» **Material for the task**:
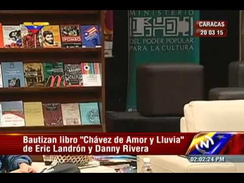 Este viernes 20 de marzo, en la sala José Félix Ribas del Teatro Teresa Carreño, como parte de la serie de actividades que se han desarrollado en la Feria Internacional del Libro de Venezuela (Filven), se bautizó el libro-CD Chávez de amor y de lluvia, de la mano de sus autores, el poeta Eric Landrón y el cantante Danny Rivera. A este acto asistieron el ministro del Poder Popular para la Cultura, Reinaldo Iturriza; el Jefe del Gobierno de Distrito Capital (GDC), Ernesto Villegas, la directora del Centro Nacional del Libro, Chirstien Valles; y el presidente del Teatro Teresa Carreño, Gustavo Arreaza. Este bautizo fue un banquete cultural, pues los autores, ambos puertorriqueños, ambos grandes artistas, deleitaron al público con declamaciones de los textos del libro y con canciones. Un sentido homenaje a quien se lo merece.
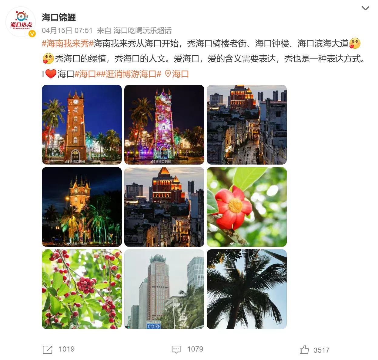 微博網(wǎng)友@海口錦鯉所曬的海口騎樓老街、海口鐘樓、海口濱海大道美景美輪美奐,一經(jīng)發(fā)布立即引來(lái)眾多網(wǎng)友圍觀點(diǎn)贊,“秀海口的綠植,秀海口的人文。愛(ài)海口,愛(ài)的含義需要表達(dá),秀也是一種表達(dá)方式”;網(wǎng)友@Choa999 所曬的“我眼中的觀海臺(tái)”,只見(jiàn)圖片中,碧海藍(lán)天映襯下的觀海臺(tái)充滿異域風(fēng)情,潔白的浪花如潮涌來(lái),十分吸睛。
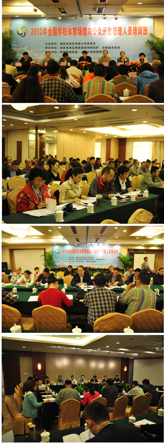 培训班培训日程共5天。期间,有关专家学者将从《学校体育场馆开放对社区体育与学校体育发展的推动》、《推进体育场馆开放、提高全民健康水平》、《学校体育场馆向公众开放管理模式探讨》等方面进行讲解。马鞍山市教育局局长万亚平在会上介绍了马鞍山市学校体育场馆向公众开放的经验,与会代表还将实地考察马鞍山市第二中学等学校场馆向公众开放情况。培训班将邀请辽宁省盘锦市第一完全中学、合肥市绿怡小学、湖北省武汉市第75中学、四川省成都市盐道街小学得胜分校这4所来自全国不同地域的学校做经验交流,会议期间还会组织学员们进行讨论学习。
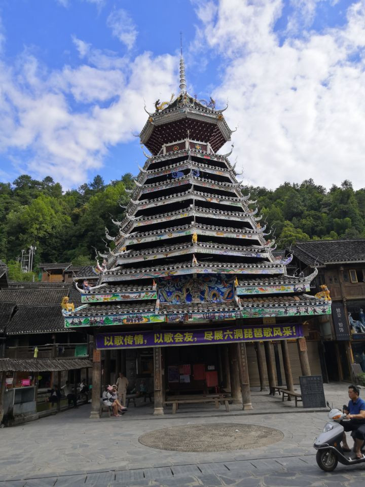 酒店位于下寨,老板把我们送到中寨核心景区,在一凉亭上,有个女的叫卖到堂安梯田的观光车,来回程要20元。买过票后,她用电话叫总部来了一辆电瓶车,把我们送到观光车的上车点,服务还是可以的。上车点应该是上寨,出了核心景区。坐了半个多小时的车,车在山路中走,而且是盘山路,自驾的得小心。终于到了半山的堂安侗寨。
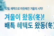 [ 타임즈 - 김시창 기자 ] 경기도와 경기도주식회사가 공동 운영하는 경기도 공공배달앱 배달특급이 겨울을 맞아 12월 한 달간 ‘겨울이왔동(冬)’ 소비자 할인 프로모션을 진행한다. ‘겨울이왔동(冬)’ 소비자 할인 이벤트는 ‘통 큰 세일’ 프로모션 종료 등으로 아쉬움이 남는 소비자들의 편익을 증대하기 위해 마련했다. 배달 특급 전체 회원, 전체 서비스 지역을 대상으로 1만2천원 주문에 사용가능한 3천원 할인 쿠폰을 예산 소진시까지 1일 1인 1회 지급한다. 한편 배달특급의 모든 이벤트는 해당 상단 배너 기능을 통해 확인 가능하며, 지역에 따라 할인 조건과 금액이 달라질 수 있어 사전 확인이 필요하다.

» **Problem statement**:
The copy should run from the first line of the material above through the line with "微博網(wǎng)友@海口錦", repeated exactly and without pictures.

» **Exercise solution**:
 Este viernes 20 de marzo, en la sala José Félix Ribas del Teatro Teresa Carreño, como parte de la serie de actividades que se han desarrollado en la Feria Internacional del Libro de Venezuela (Filven), se bautizó el libro-CD Chávez de amor y de lluvia, de la mano de sus autores, el poeta Eric Landrón y el cantante Danny Rivera. A este acto asistieron el ministro del Poder Popular para la Cultura, Reinaldo Iturriza; el Jefe del Gobierno de Distrito Capital (GDC), Ernesto Villegas, la directora del Centro Nacional del Libro, Chirstien Valles; y el presidente del Teatro Teresa Carreño, Gustavo Arreaza. Este bautizo fue un banquete cultural, pues los autores, ambos puertorriqueños, ambos grandes artistas, deleitaron al público con declamaciones de los textos del libro y con canciones. Un sentido homenaje a quien se lo merece.
 微博網(wǎng)友@海口錦鯉所曬的海口騎樓老街、海口鐘樓、海口濱海大道美景美輪美奐,一經(jīng)發(fā)布立即引來(lái)眾多網(wǎng)友圍觀點(diǎn)贊,“秀海口的綠植,秀海口的人文。愛(ài)海口,愛(ài)的含義需要表達(dá),秀也是一種表達(dá)方式”;網(wǎng)友@Choa999 所曬的“我眼中的觀海臺(tái)”,只見(jiàn)圖片中,碧海藍(lán)天映襯下的觀海臺(tái)充滿異域風(fēng)情,潔白的浪花如潮涌來(lái),十分吸睛。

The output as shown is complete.